Feeling financially secure is good. Being financially secure is better.

There was some good news in the 2013 Retirement Confidence Survey1 by the Employee Benefits Research Institute : 51% of respondents feel confident that they have enough money for a comfortable retirement. However, that headline statistic masks two concerning pieces of information. One is the “conflicted confidence” investors actually exhibit in the survey responses, as outlined by my colleague Rod Greenshields a few months ago on this blog.

The other is that it still leaves 49% of investors who say they are not confident that they have enough money for a comfortable retirement.

It’s clear that the retirement conversation needs to happen – and that it needs to change so that investors can rely on concrete facts, not feelings, about their financial security . Because at the end of the day, you can either afford your desired retirement lifestyle – or you can’t.

In our view at Russell, advisors are critical in this process of helping investors become engaged in their own future. Engaged so that they appreciate that living a desired retirement lifestyle requires more than a commitment to a dream. It requires a nest egg that has been diligently built and tracked over time, as well as an intelligent approach to drawing down that nest egg in retirement.

So, what are some steps you can take to help get clients engaged in viewing their financial-security-as-fact? In our view, there are four key steps:

  1. Help clients identify their important numbers
    Certain numbers and concepts matter in life – and gain importance with age. The earlier you can help clients identify the numbers that can impact their retirement plans, the more options they’re likely to have later in life.
  2. Help clients assess their current financial wellness
    Help clients get a more precise picture of where their nest egg stands today relative to the dreams they have for the future.
  3. Help clients pinpoint decisions they can commit to now
    It’s easy to think that you can change behaviors in the future. But changing today can have a bigger impact. Help clients determine which changes they can make today that have the potential to put them in a better place when it really matters most.
  4. Help clients commit to ongoing financial check-ups
    Engagement in retirement planning isn’t a one-and-done initiative. Help your clients create an ongoing check-up routine. A bit like the routine of daily teeth brushing and regular dentist visits.

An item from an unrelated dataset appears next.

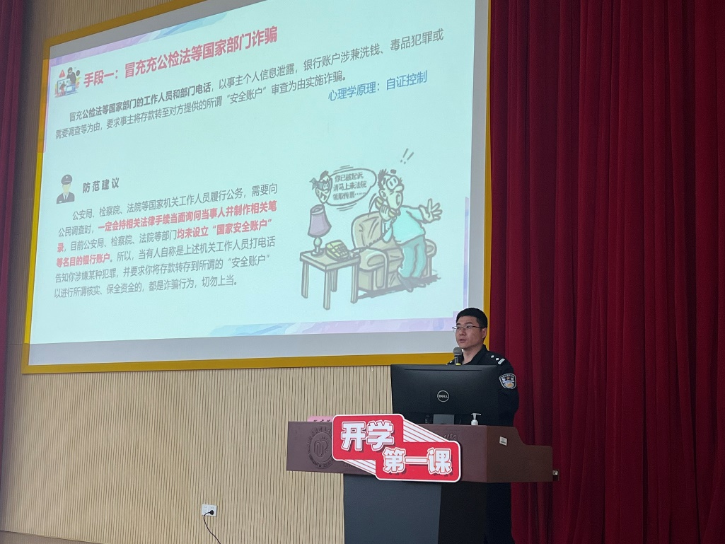 张警官结合近期发生的真实案例重点介绍了大学生们经常遇到的冒充公检法等各部门诈骗、购买各类门票诈骗、货款诈骗、刷单诈骗、裸聊诈骗等10种高发的网络诈骗手法、作案方式,科普了防范电信诈骗的干货知识点。同时,张警官用生动丰富的语言表达,告诫同学们,接到“中大奖、贷款、刷单” 等信息后,一定要多思考、多咨询,切记“天上不会掉馅饼”,防止上当受骗。

We’ll cover each of these four activities over the next year in our quarterly Investor newsletter and this blog, starting with the first step.

Step 1: Helping clients identify their important numbers

Some numbers matter more than others when planning for a fulfilling retirement. The most recent edition of Investor includes some ideas that can serve as a starting point for your conversations with clients – whether they’re building their wealth, preserving their wealth just before retirement, or are already in retirement.

Building, preserving, or spending wealth chart

Consider sending the newsletter to your clients in advance of your next meeting to give them time to think about these questions and be engaged in the process. When you meet, discuss the implications of each number for their overall retirement readiness. By doing so, you can help clients feel more in control of their plan for the future.

The bottom line

Retirement planning is understandably overwhelming to many clients. Helping them break it down into more manageable, repeatable steps is one way to help increase their engagement in the process.

Get started by using the latest edition of the Investor newsletter to help clients identify their important numbers.

1 2013 Retirement Confidence Survey, Employee Benefits Research Institute.